SEMARANG, Joglo Jateng – Dewan Masjid Indonesia (DMI) Kota Semarang memberikan pelatihan fasilitator pencegahan KDRT kepada 100 takmir dari 16 kecamatan di lantai 8 Gedung Moch Ikhsan, Balai Kota Semarang. Kegiatan tersebut bertujuan agar makin banyak mayarakat yang terlibat dalam upaya mencegah kekerasan dalam rumah tangga (KDRT), terutama di lingkup masjid.

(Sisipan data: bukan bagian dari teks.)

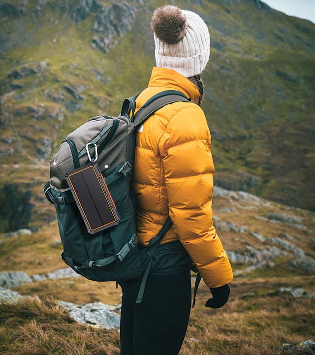 片手で持ち運べるコンパクトさでありながら、20000mAhの大容量バッテリーを搭載。飛行機への持ち込みも可能な規格※。外出先でバッテリー残量が不足してもソーラー充電と手回し充電が可能。
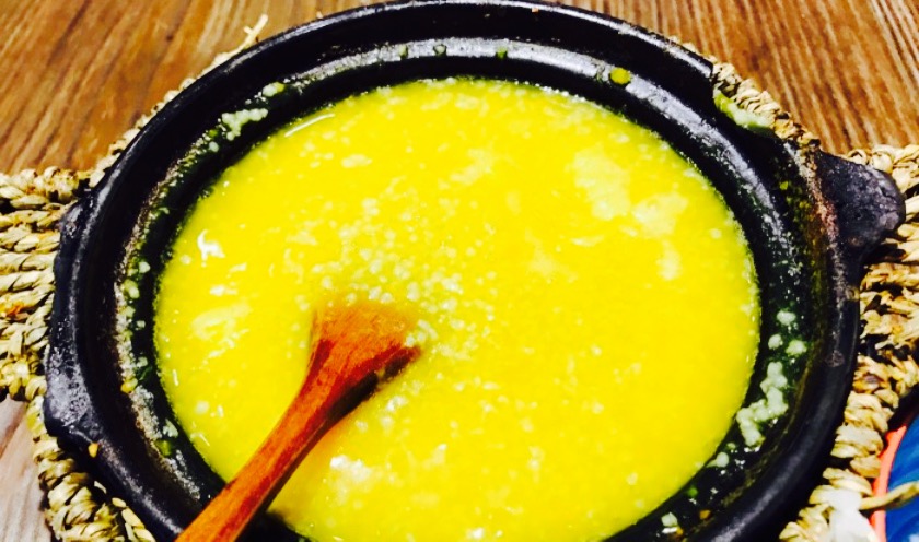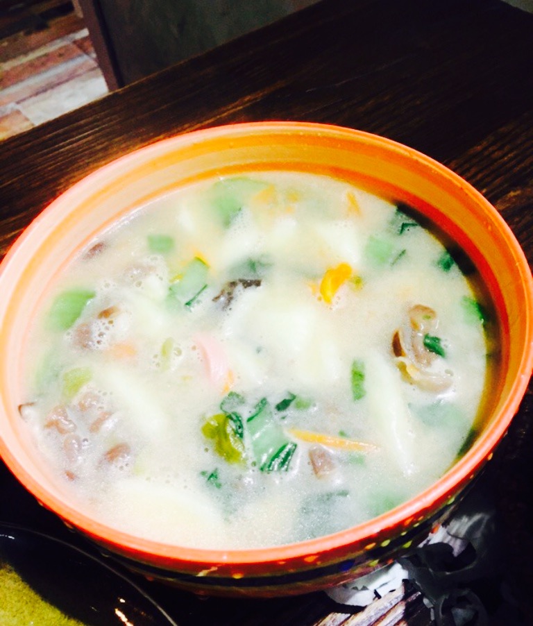 慕名而去的粥店,环境还算可以,简约的装饰。店里粥的种类不少。一眼下来觉得好多都想吃,和老公点了一份干贝鸡丝粥和干贝海参粥,一份锅贴。粥是一人一份的砂锅粥,整体味道偏淡,店里没有类似潮汕砂锅粥的豆瓣拌酱感觉总缺少了一点味道,干贝大概10颗左右,和价位也是成正比的。锅贴特地要求要煎老一点,果真不负众望,淋上辣油和醋口味很不错,皮脆多汁,肉质也很清新,都是现煎的,因此比较推荐锅贴。小菜只选了一个辣黄瓜,口味一般,不鲜美,就不推荐了。还有南乳和百叶丝,下次去准备尝试下。

Pelatihan ini menghadirkan sejumlah narasumber yang berkompeten di bidangnya. Di antaranya dari Gerakan Pria Peduli Perempuan dan Anak, Founder Aliansi Laki-laki Baru, Yayasan Anantaka dan Pusat Studi Kependudukan Perempuan, hingga Perlindungan Anak Upgris Semarang.
Ketua DMI Kota Semarang, Achmad Fuad mengukapkan, pihaknya akan selalu mendukung Program Pemerintah Kota Semarang. Menurutnya, kegiatan ini merupakan salah satu bentuk dukungan dan komitmennya untuk berpartisipasi dalam pencegahan KDRT di Kota Semarang.
“Kekerasan terhadap perempuan dan anak masih menjadi persoalan yang serius yang harus kita perhatikan. Baik kekerasan fisik, psikis, seksual, dan penelantaran. Kekerasan itu terjadi mulai dari lingkungan keluarga, sekolah atau di tempat umum. Berbagai upaya pencegahan sudah dilakukan. Tetapi kasus kekerasan ini masih tergolong cukup tinggi,” ucapnya melalui keterangan tertulis yang diterima Joglo Jateng, belum lama ini.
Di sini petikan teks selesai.